** Collected material follows **

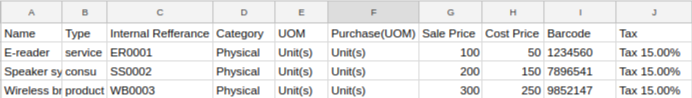 - Given below is the sample of import file, sample file available in this module.
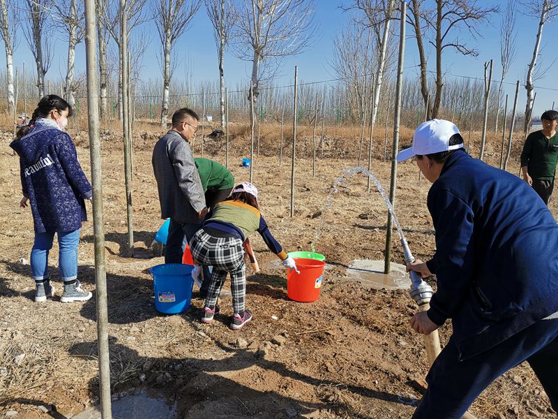 这次植树活动是由农工党宁夏区委会组织号召。到达现场后,孙维红副主委做了简要的组织安排,大家纷纷撸起袖子加油干,整个现场热火朝天,大家挥动锄头、挖坑填土、提桶浇水、扶苗踩实、取水灌溉,几个小时就栽下140余株树苗。天色将晚,看着自己的劳动成果,每个人都露出了欣慰的笑容。
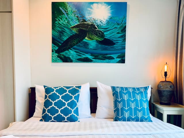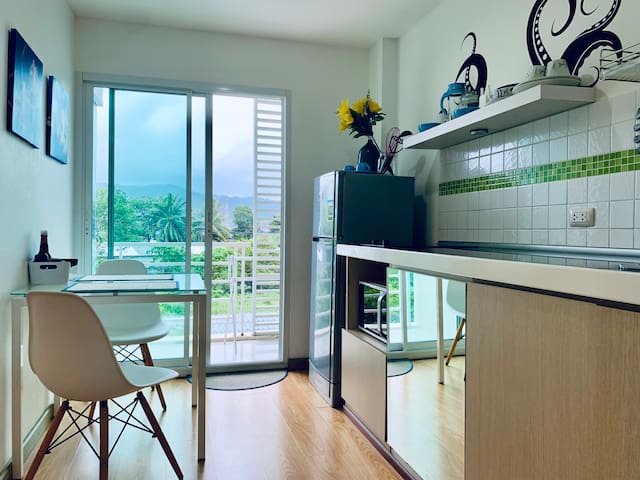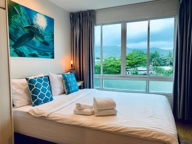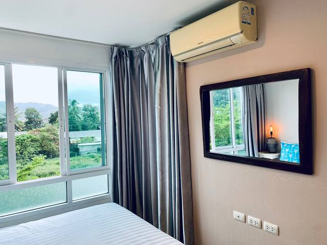 Centrally located just 15 minutes from Patong Beach and Phuket Town, this 4th-floor condo offers a comfortable stay with a mountain view. A small gym is available in the building, but there’s no pool. The apartment shares a fast 500/500 Mbps fibre-optic connection with the neighbouring unit, using a dual-band router—great for working holidays.

** End of Collected material **

- Exercise instructions -
Return only the lines from the start of the data through the line that contains "这次植树活动是由农工党宁夏区", please, copying them exactly and omitting all pictures.

- Written answer -
 - Given below is the sample of import file, sample file available in this module.
 这次植树活动是由农工党宁夏区委会组织号召。到达现场后,孙维红副主委做了简要的组织安排,大家纷纷撸起袖子加油干,整个现场热火朝天,大家挥动锄头、挖坑填土、提桶浇水、扶苗踩实、取水灌溉,几个小时就栽下140余株树苗。天色将晚,看着自己的劳动成果,每个人都露出了欣慰的笑容。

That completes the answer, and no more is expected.